NONLINEAR GATED EXPERTS FOR TIME SERIES: DISCOVERING REGIMES AND AVOIDING OVERFITTING

Abstract
In the analysis and prediction of real-world systems, two of the key problems are nonstationarity (often in the form of switching between regimes), and overfitting (particularly serious for noisy processes). This article addresses these problems using gated experts, consisting of a (nonlinear) gating network, and several (also nonlinear) competing experts. Each expert learns to predict the conditional mean, and each expert adapts its width to match the noise level in its regime. The gating network learns to predict the probability of each expert, given the input. This article focuses on the case where the gating network bases its decision on information from the inputs.
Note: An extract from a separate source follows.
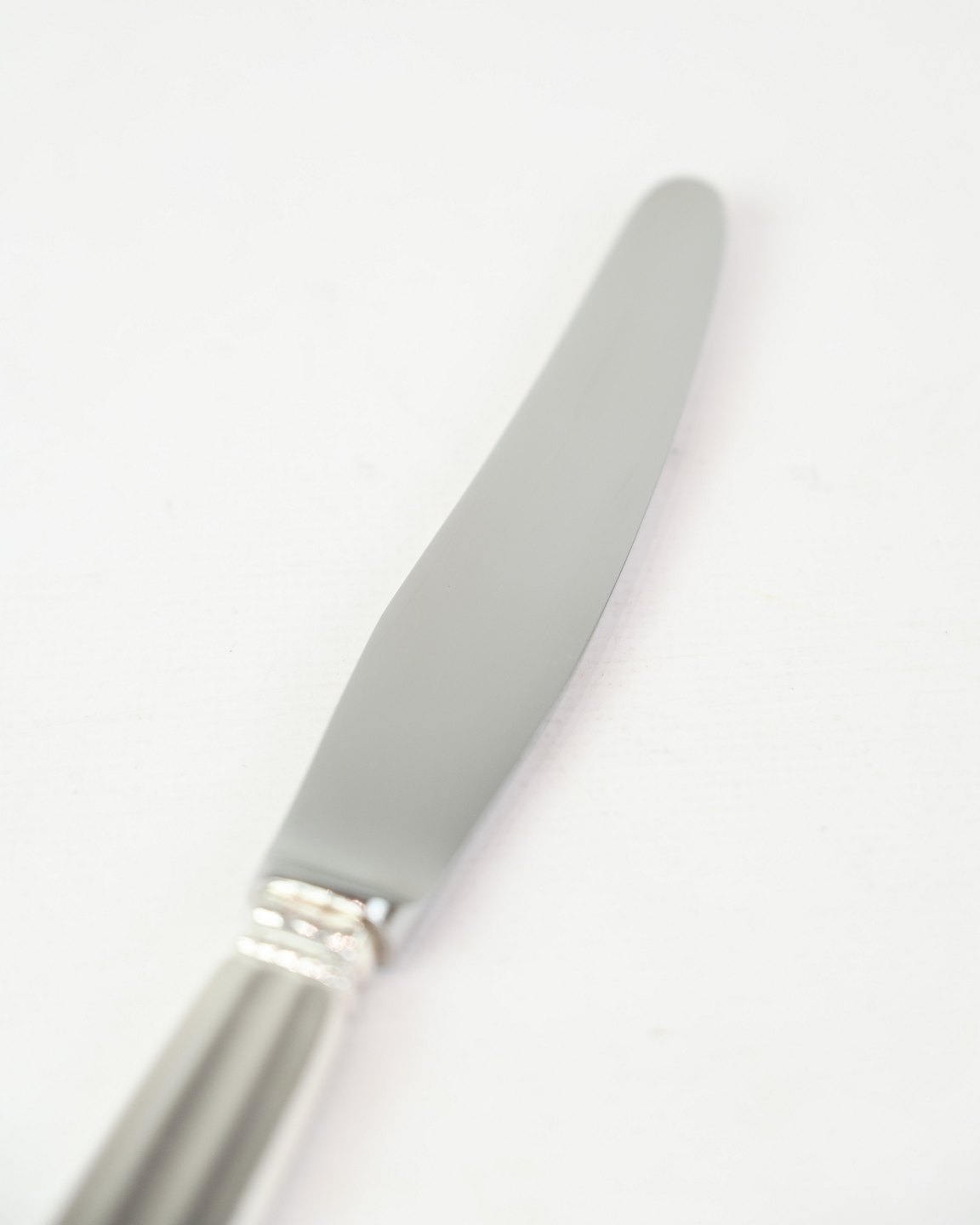 Description: Georg Jensen silver lunch knife, King pattern. Designed by Johan Rohde in 1915. Length 20cm. Classic Danish silverwork.

This can be contrasted to hidden Markov models where the decision is based on the previous state(s) (i.e. on the output of the gating network at the previous time step), as well as to averaging over several predictors. In contrast, gated experts soft-partition the input space, only learning to model their region. This article discusses the underlying statistical assumptions, derives the weight update rules, and compares the performance of gated experts to standard methods on three time series: (1) a computer-generated series, obtained by randomly switching between two nonlinear processes; (2) a time series from the Santa Fe Time Series Competition (the light intensity of a laser in chaotic state); and (3) the daily electricity demand of France, a real-world multivariate problem with structure on several time scales. The main results are: (1) the gating network correctly discovers the different regimes of the process; (2) the widths associated with each expert are important for the segmentation task (and they can be used to characterize the sub-processes); and (3) there is less overfitting compared to single networks (homogeneous multilayer perceptrons), since the experts learn to match their variances to the (local) noise levels. This can be viewed as matching the local complexity of the model to the local complexity of the data.